When I return to my seat, Evie asks her mother, Will the ashes dry? I picture her behind me reaching up and gently touching the wet cross on her forehead. I think of infants. Humans are born with a soft spot just above the hair line. This fontanel is the shape of a cross. If you look carefully you can see a baby’s pulse in the soft cross. The “soft spot” is also remarkably tough. Eventually it will grow together and fuse the bones of the skull to protect more fully the delicate brain. Ashes to ashes. Out of the earth we are shaped: tiny, frail, delicate, and beautiful. And to earth we shall return. Between these times as Christian people we bear the sign of a cross, a sign of finitude, and a sign of hope.

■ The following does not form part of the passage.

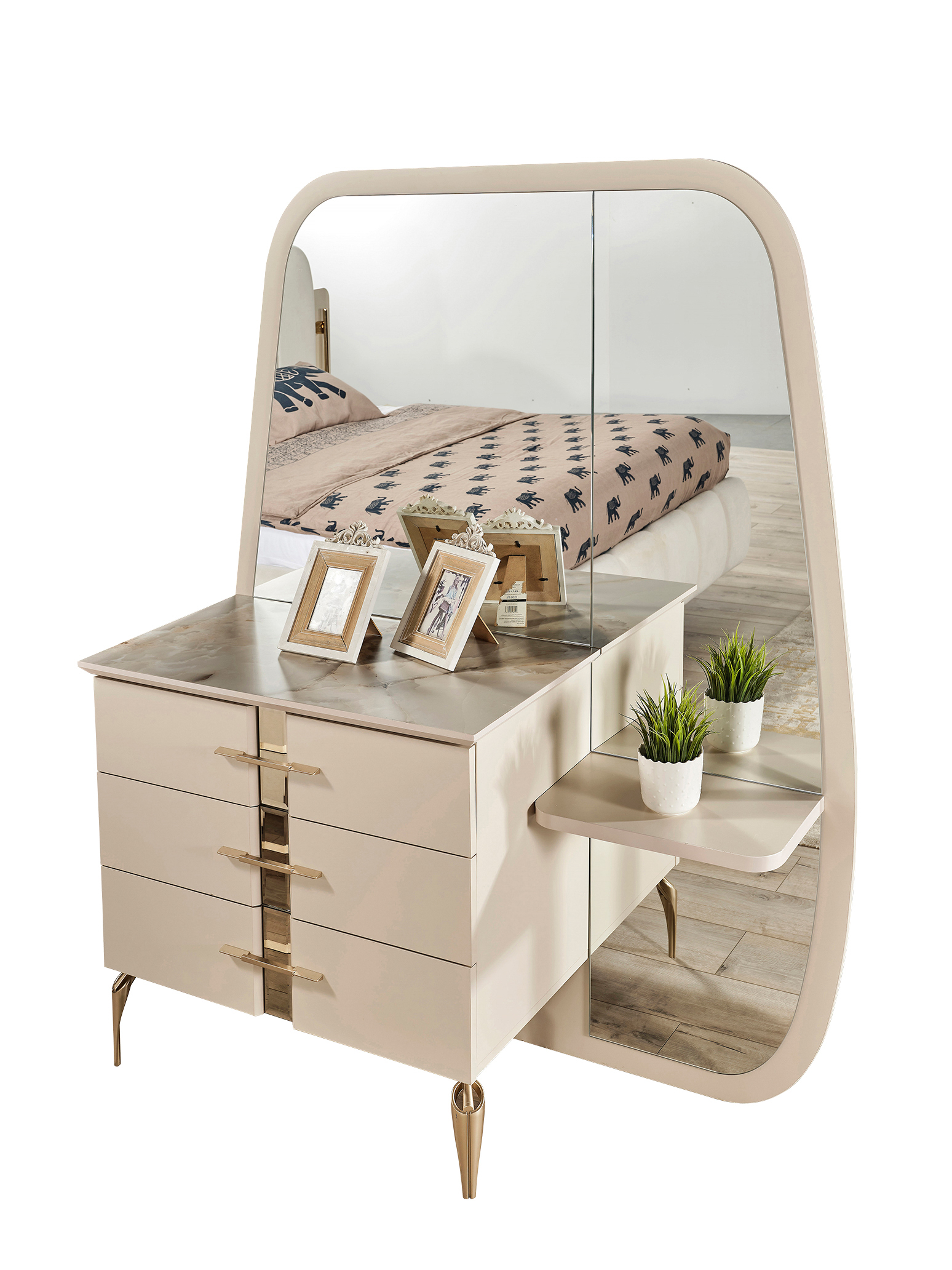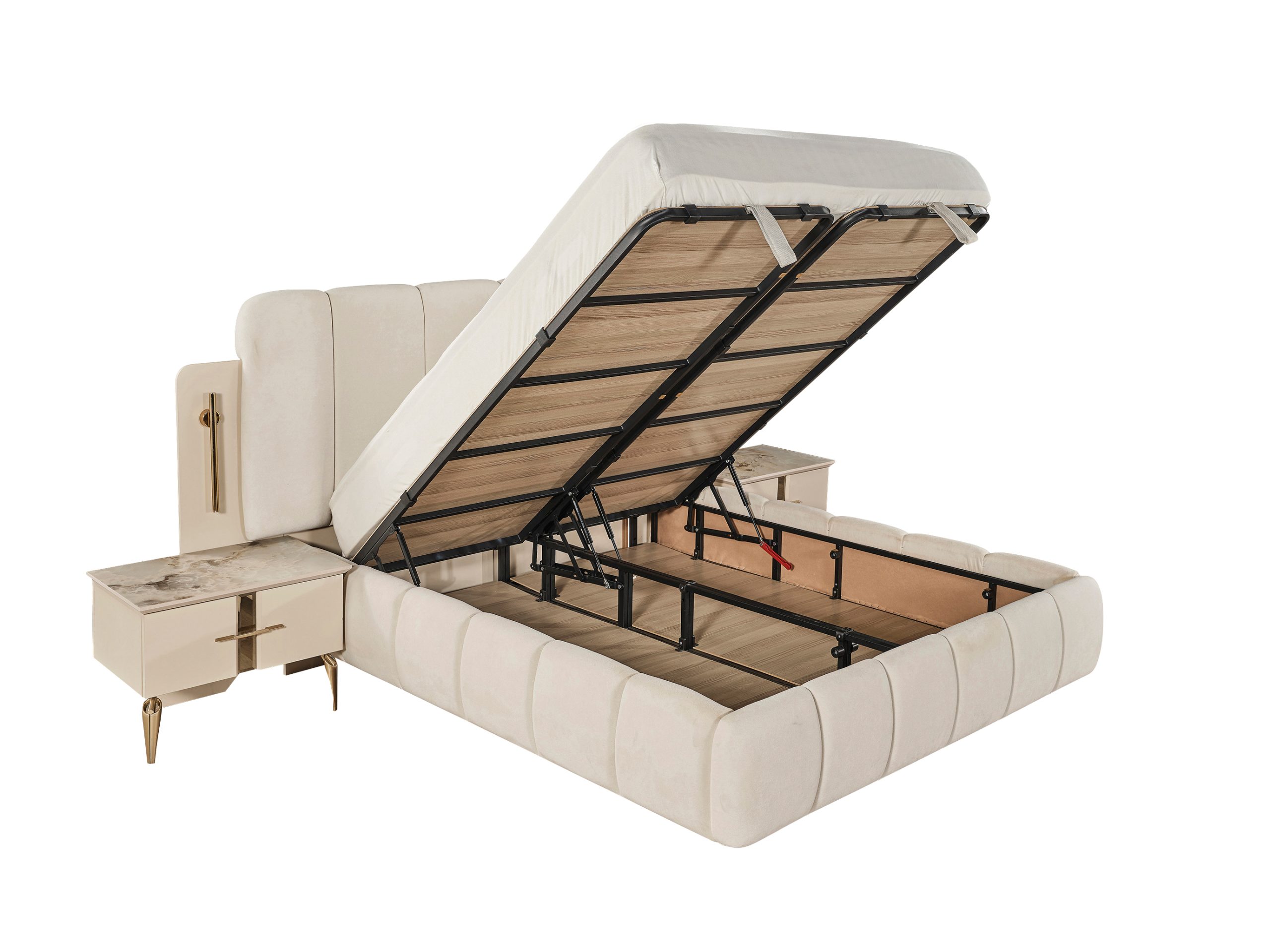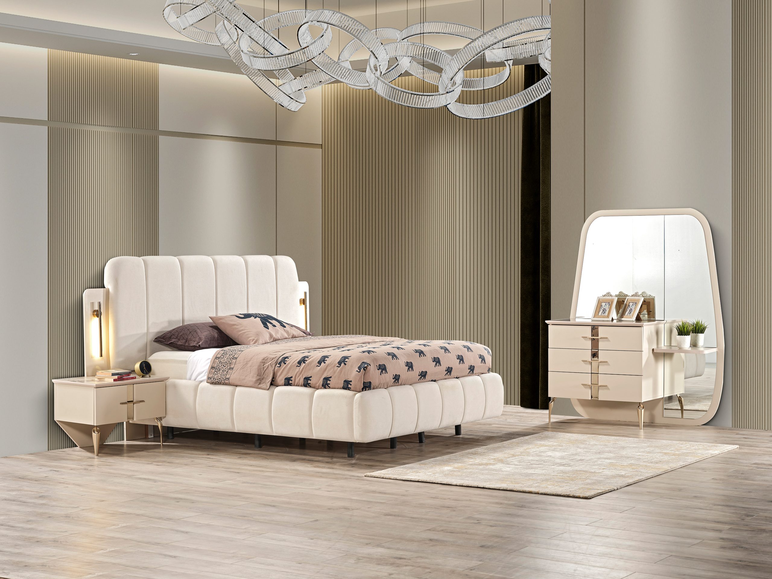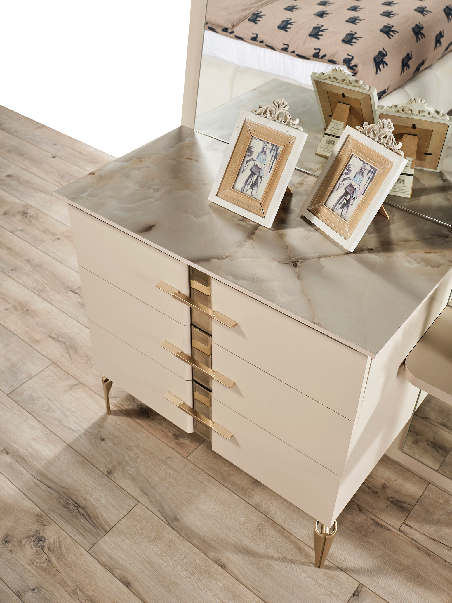 Altın detaylarla zenginleştirilen bu özel takım; rahat bir uyku alanı yaratmanın yanı sıra geniş depolama seçenekleriyle de yaşam alanınızı organize etmenize yardımcı olur.

I have attended many Ash Wednesday services. An hour later, after the ashes have been imposed I often find myself forgetting their presence on my forehead. But tonight the cool mud dries slowly, and I feel the cross marking me and claiming me, granting me freedom to let go of what otherwise would only consume me. As I drive into the night, the Lenten wilderness, I breathe deeply. I remember. And I hope.

 

 

Eileen R. Campbell-Reed is Associate Director for the Learning Pastoral Imagination Project at Luther Seminary in St. Paul, Minnesota.

 

 

Works Cited

Saunders, Rev. William. “History of Lent.” Arlington Catholic Herald. 2002. Accessed online 4/5/07: http://www.catholiceducation.org/articles/religion/re0527.html.

Farley, Edward. Good and Evil: Interpreting a Human Condition Minneapolis: Fortress Press, 1991.